Another aspect of the mining process is the difficulty level of a block. The difficulty level is a consensus rule that defines the amount of work required by a miner to create a valid block. A block becomes valid only if the hash function can prove that enough work is done to create a block. This is proved if it fits a certain format. For instance, in Bitcoin, the format is that the hash must start with a certain number of zeros. For example, a hash “000000000000000000004189fg154sd184rty” contains twenty zeros, and hence it becomes difficult to find a resultant hash that starts with the current difficulty level of twenty zeros. Every other node in the network that receives this block can trust that it would have taken a lot of computing power and energy to create it. Hence, they agree to compensate the miner by rewarding with new coin generated by the coinbase transaction of that block.

Consensus

All the previous concepts that referred to processing and verifying the validity of blocks before adding them to the blockchain is called consensus. It is a set of rules that everyone node in the network is playing by. The consensus rules ensure that the database copy of an individual node in the blockchain environment is consistent with each other and also the most updated one. As a blockchain network grows in size, the consensus algorithms grow stronger as the number of participants enforcing their own database increases. There are various types of consensus rules like Proof-of-Work, Proof of Stake, and Simplified Byzantine Fault Tolerance that defines rules for various actions. For instance, one of Bitcoin’s consensus defines rules for the value of coin created by the coinbase transaction, which will be rewarded to the miner. The rule says that the value should be cut to half after every 200,000 blocks created. For example, if the first 200,000 blocks created a value of 60 Bitcoins, then 200,001 – 400,000 blocks will create a value of 30 Bitcoins.

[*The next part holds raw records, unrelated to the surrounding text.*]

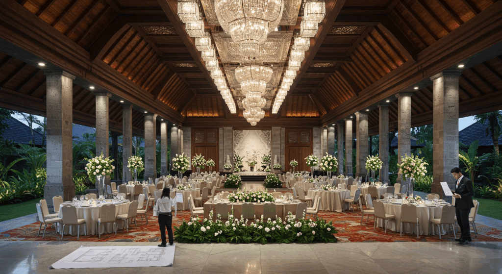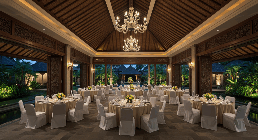 Our architect and architectural services for hotel ballrooms in Bali offer elegant, multi-purpose spaces within luxury hotels, perfect for hosting weddings, corporate events, and high-profile gatherings.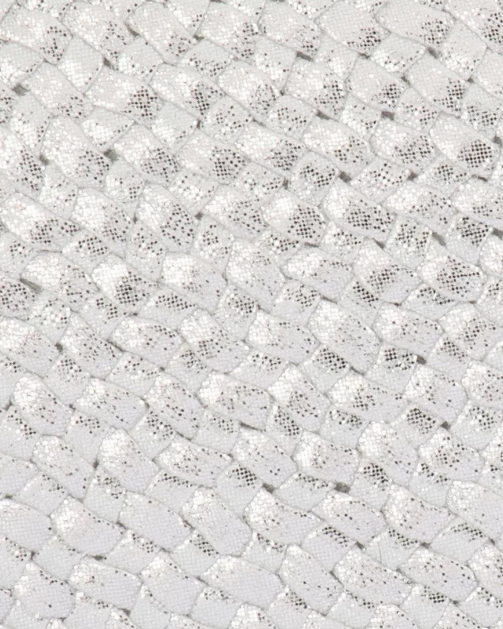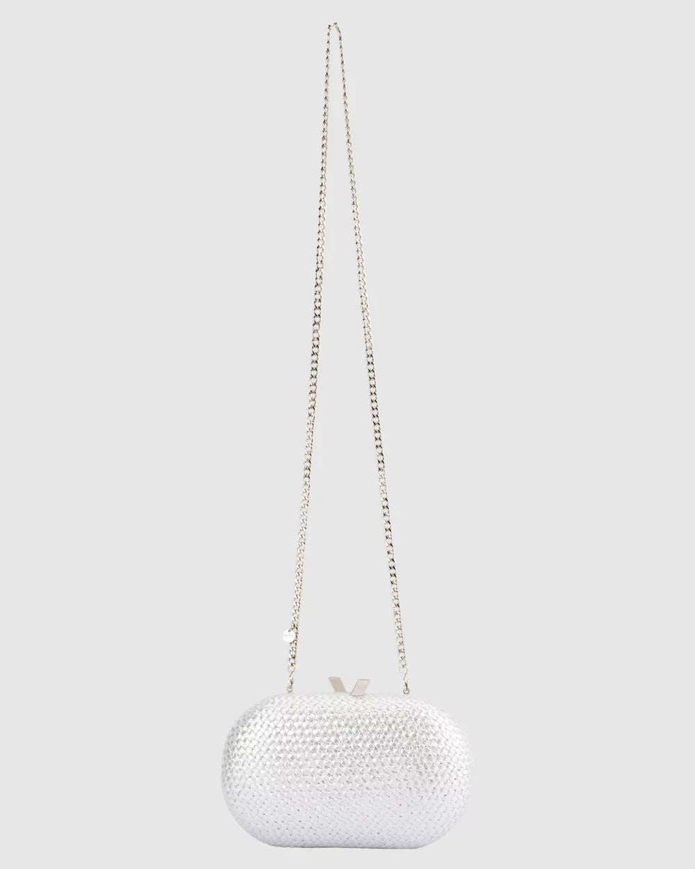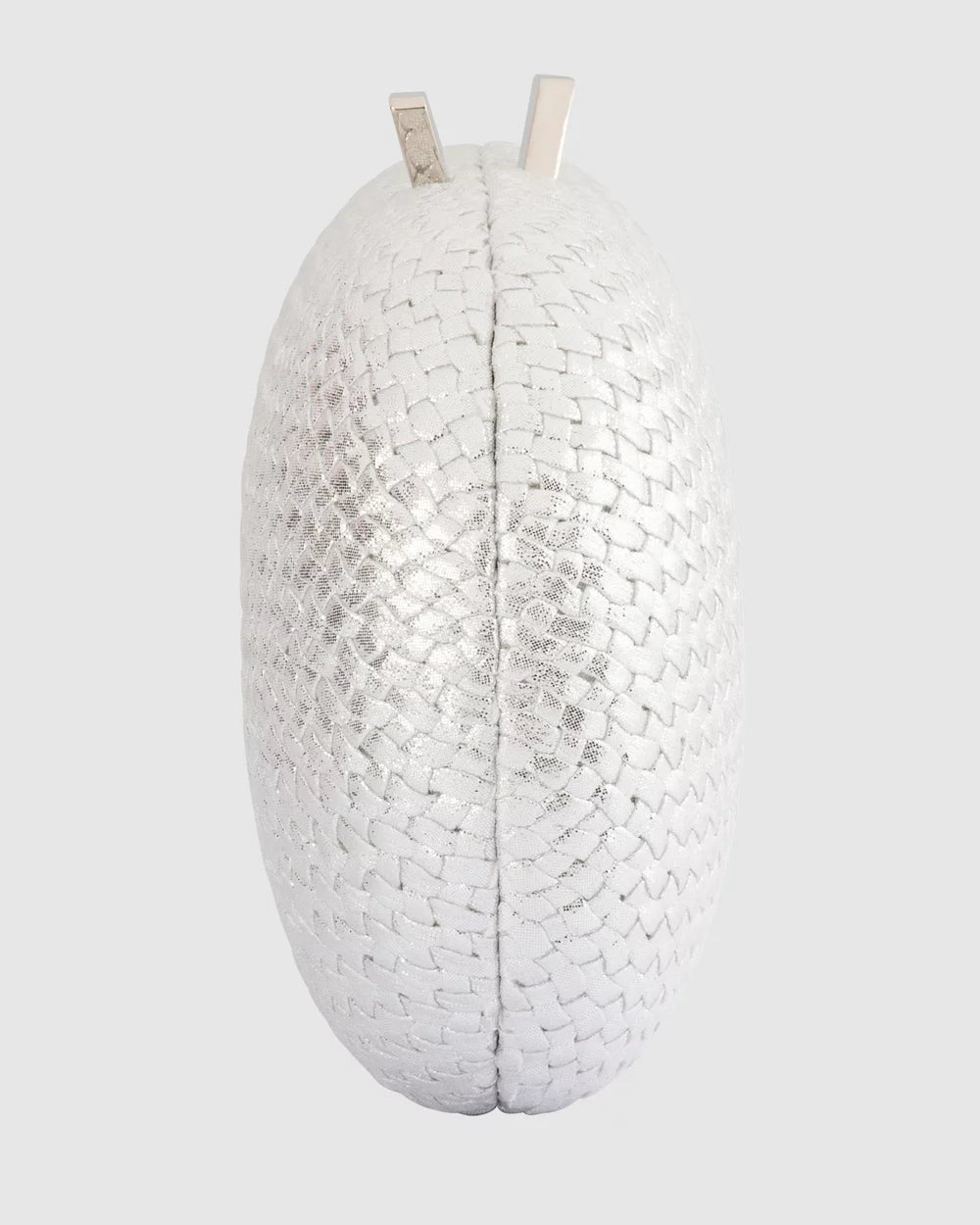 The Lucia Woven Oval Clutch by Olga Berg is the perfect blend of luxury and function. With its intricate woven metallic fabric, timeless hard case design, and convenient removable shoulder chain, this clutch is the ideal accessory for any special occasion. Create a beautiful statement with timeless elegance.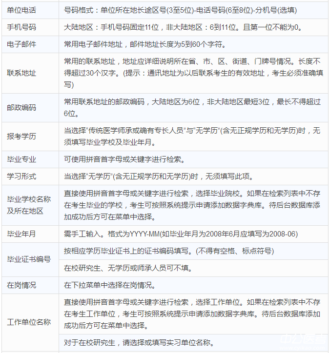 注意:报名表是在国家医学考试网上报名时在线填写的,大家可以参考以上内容进行填写,成功提交报名后,可以将报名表下载打印。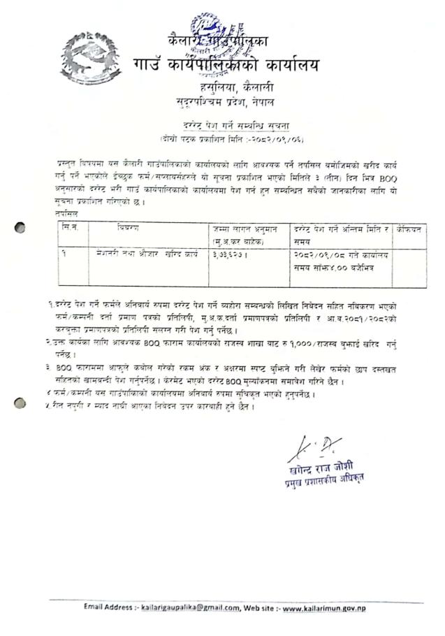 ह्युम पाईप खरिद वडा नं. ७ कैलारी गाउँपालिका सम्बन्धी प्रथम पटक प्रकाशित सूचना ।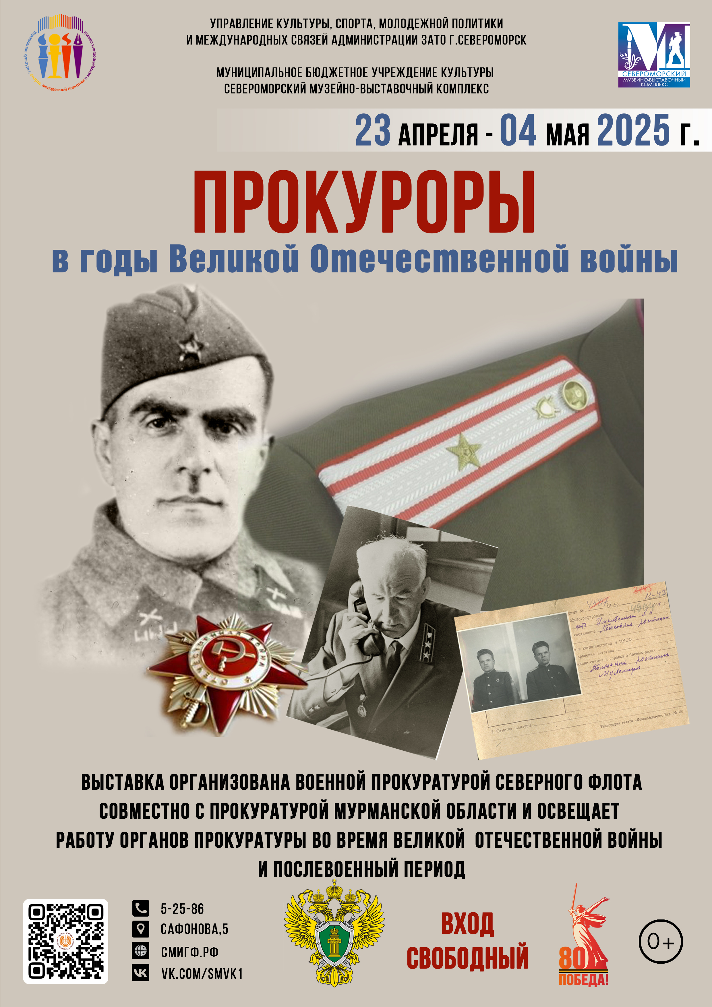 К 80-летию Победы в Великой Отечественной войне в Североморском Музейно-выставочном комплексе начала работу выставка, организованная военной прокуратурой Северного флота совместно с прокуратурой Мурманской области. Историко-документальная выставка рассказывает посетителям о работе прокуроров в годы Великой Отечественной войны и в послевоенный период.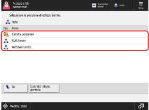 Premere [Controllo inform. memoria], selezionare la destinazione di connessione e premere [Dettagli] per verificare il protocollo e il percorso della destinazione di connessione.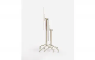 Base per tavolo alto pieghevole. Materiale: alluminio verniciato. Impilabile orizzontalmente. Dotata di piedini regolabili. Adatta per piani misure Ø 60 - Ø70 - 60 x 60 - 70 x 70 cm.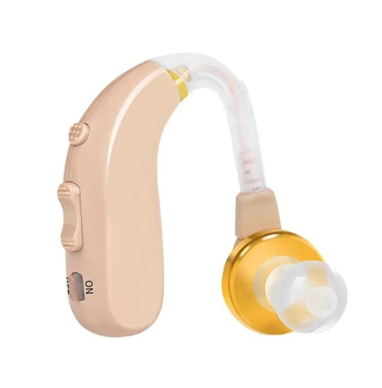 - 👂 Comfortable “Behind-the-Ear” Design: The light brown, skin-toned body with a transparent ear tube is discreet and lightweight. It fits comfortably behind the ear for all-day use without causing pain.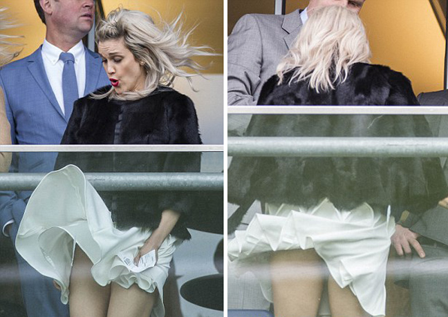 Η 33χρονη παρακολουθούσε τους επίσημους αγώνες ιπποδρομιών και μάλιστα δίπλα στον Δούκα και τη δούκισσα της Κορνουάλης, όταν φύσηξε ένας δυνατός άνεμος ο οποίος και σήκωσε την φούστα της με αποτέλεσμα να φανεί το μαύρο εσώρουχό της.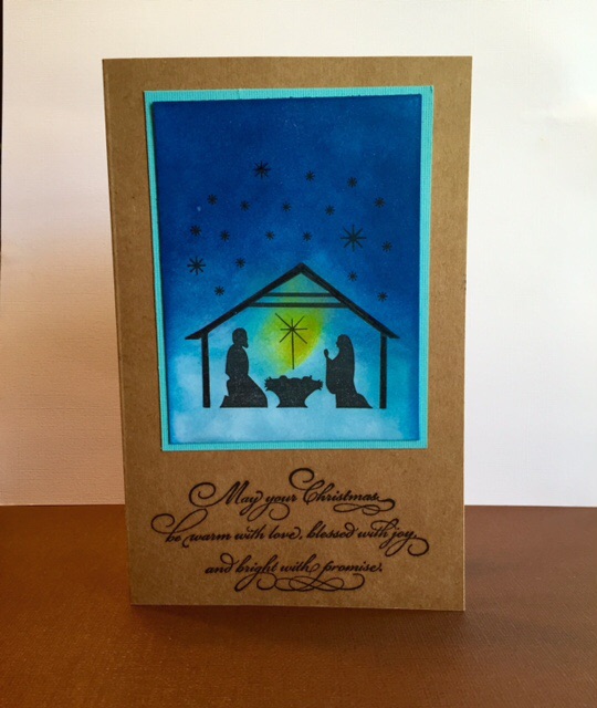Image and sentiment are both from Stampabilities. I stamped the image with versafine black onyx ink and then blended distress inks in tumbled Glass, broken China, salty ocean, and faded jeans. I also added a little mustard seed around the star. I went over the black lines with a clear Sakura glaze marker. TFL :-)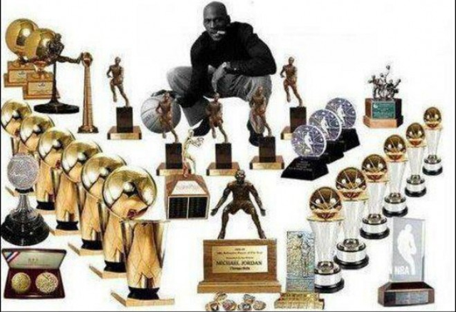 先来看看荣誉墙:同为1072场常规赛后,乔丹获得了5次常规赛MVP,詹姆斯是4次;乔丹6次总决赛MVP,詹姆斯是3次;乔丹11次入选最佳阵容,詹姆斯13次。乔丹1次年度最佳防守球员,詹姆斯没有;乔丹9次入选最佳防守阵容,詹姆斯6次。两人都得到了最佳新人奖。在这一块儿,胜出的无疑是乔丹。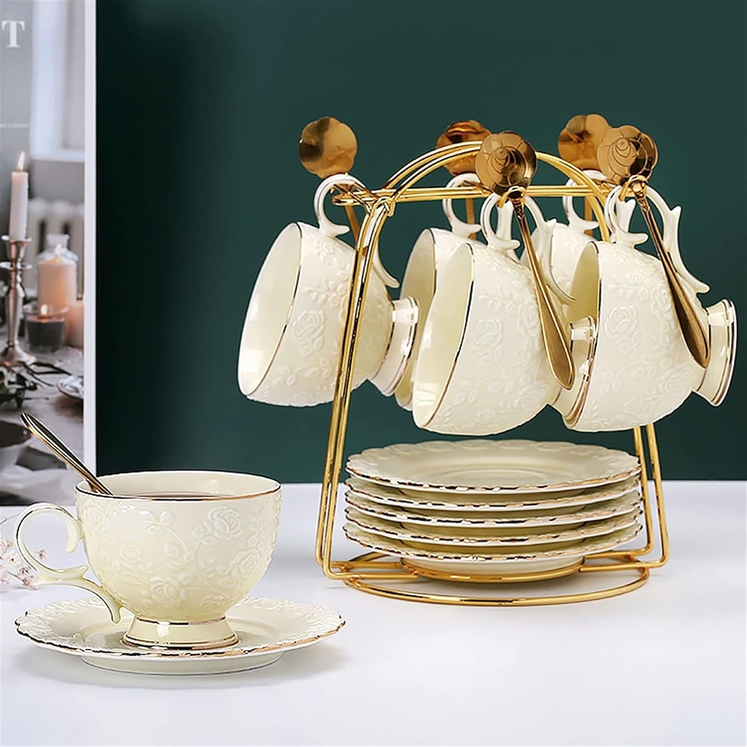 Product name: coffee cup and saucer (6 piece set)Product material: ceramicCup capacity: 170 mlProduct size: cup-shaped 3.3x 2.6 (inches), flat plate 5.5 inches, cup holder 5.9×8.6 inchesApplicable places: offices, schools, homes, coffee shops, etc.prevention:1. Before buying, please check the size and color.2. The cups, saucers, spoons and cup holders contained in this product shall not exceed this product.3. Please note that due to different monitors, there may be slight color difference, please understand.4. Due to manual measurement error, please refer to the actual product, thank you.5. If you find any problems with our products, please contact us via email, we will solve these problems as soon as possible.6. Welcome your sharing and feedback, so that we can provide you with better products and services.They're not only great for daily use but also an ideal gift for housewarmings, wedding, birthdays, and anniversaries.

Suppose the current Bitcoin blockchain rewards 15 Bitcoins to miners, and a miner creates a block that creates 30 Bitcoins, then each node will verify that block and run it through their consensus rule. And, then every node will ignore the block as it does not meet the rules which says that every new block created should reward 15 Bitcoins.

Based on how a developer creates a platform with the help of the above-mentioned blockchain architecture components, the blockchain network can be classified into different types like a private, public, consortium, and hybrid blockchain. These different types of blockchain networks provide various advantages according to the need of a business. For instance, public blockchain provides increased transparency, and private blockchain provides enhanced security.